DATA FOR ANALYSIS:
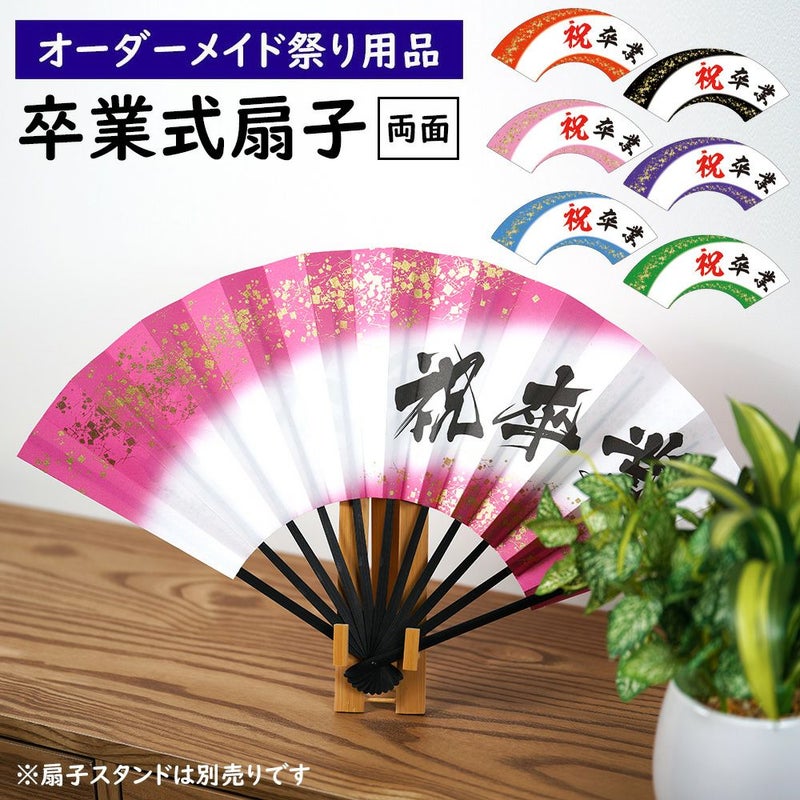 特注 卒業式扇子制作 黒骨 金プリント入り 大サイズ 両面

---

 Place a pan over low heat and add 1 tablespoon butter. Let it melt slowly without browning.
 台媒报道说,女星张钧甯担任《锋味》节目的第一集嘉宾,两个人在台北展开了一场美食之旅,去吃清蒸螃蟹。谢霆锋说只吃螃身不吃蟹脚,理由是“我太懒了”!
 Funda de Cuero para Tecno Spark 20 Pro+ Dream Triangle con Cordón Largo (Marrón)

--

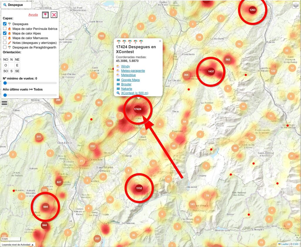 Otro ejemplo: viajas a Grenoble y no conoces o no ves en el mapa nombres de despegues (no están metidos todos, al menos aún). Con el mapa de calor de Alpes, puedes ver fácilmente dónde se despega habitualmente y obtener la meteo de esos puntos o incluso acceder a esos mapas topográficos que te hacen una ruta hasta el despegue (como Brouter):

WHAT YOU ARE ASKED TO DO: For this exercise, please output exactly the lines above starting at the line with "Place a pan" and ending at the line with "Funda de Cuero", ends included.

TASK OUTPUT:
 Place a pan over low heat and add 1 tablespoon butter. Let it melt slowly without browning.
 台媒报道说,女星张钧甯担任《锋味》节目的第一集嘉宾,两个人在台北展开了一场美食之旅,去吃清蒸螃蟹。谢霆锋说只吃螃身不吃蟹脚,理由是“我太懒了”!
 Funda de Cuero para Tecno Spark 20 Pro+ Dream Triangle con Cordón Largo (Marrón)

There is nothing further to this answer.